A 70-year-old male patient was referred for outpatient ileocolonoscopy. Medical history was significant for vague left lower abdominal pain for about three days duration six weeks before, potentially suggesting a minor episode of diverticulitis. Indeed, the recent lower GI endoscopy indicated some unremarkable diverticula in the sigmoid (Fig. 1A). By contrast, there was a short segment at 30cm from the dentate line with edematous changes and minor putrid discharge from adjacent diverticula, from which two polypoid lesions estimated at 10mm arose (Fig. 1B). Further characterization including image-enhanced endoscopy revealed a dense network of irregular vessels, however, no abnormal pit pattern to suggest a neoplastic lesion (Fig. 1C–E). Given an optical diagnosis of most likely granulation polyps, complicating subacute diverticulitis, we abstained from endoscopic resection and instead biopsied the lesions. Histopathology likewise confirmed the presence of granulation polyps with exuberant leukocytic infiltration and lack of intact surface epithelium. The patient was informed about the diagnosis and a wait-and-see approach was consented.

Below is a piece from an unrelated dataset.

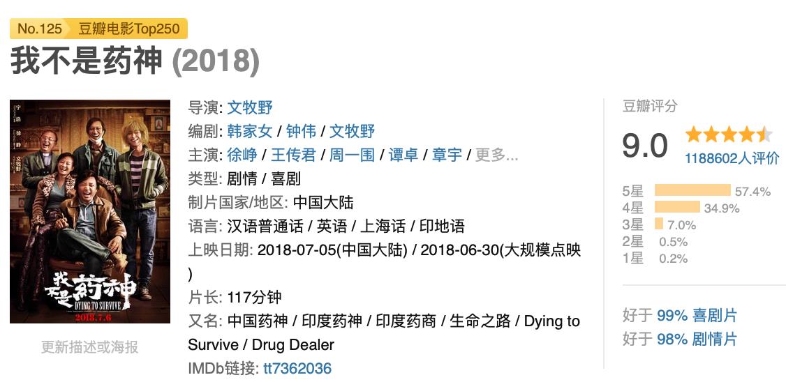 经过明晃晃的对比,可以看出,《我不是药神》可以真的是国影之光,不仅冲进豆瓣门槛贼高的Top250,同样在票房方面保持领先地位。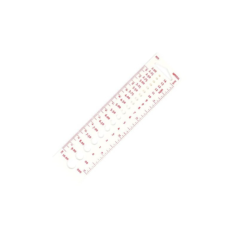 - This plastic standard size knitting gauge enables you to tell the size of your needles by simply inserting them into the holes

(A) An unremarkable diverticulum in the sigmoid. (B) Short segmental edema with residual putrid discharge from an adjacent diverticulum as well as two polypoid lesions of an estimated 10mm size. (C) Detailed endoscopic characterization including (D) linked colour imaging (LCI) and (E) blue laser imaging (BLI) indicated a dense network of irregular vessels, however, no pit pattern suggestive of neoplasia.
Albeit granulation polyp formation is a common reaction of the colorectal epithelium to variable forms of tissue injury, there are, to the best of our knowledge, only three other reports in a setting of diverticulitis.1 Correct optical diagnosis may be instrumental in avoidance of considerations of overly aggressive procedures, such as (with a view to adjacent diverticula) technically demanding endoscopic or even surgical resection.
Conflict of interestNothing to declare.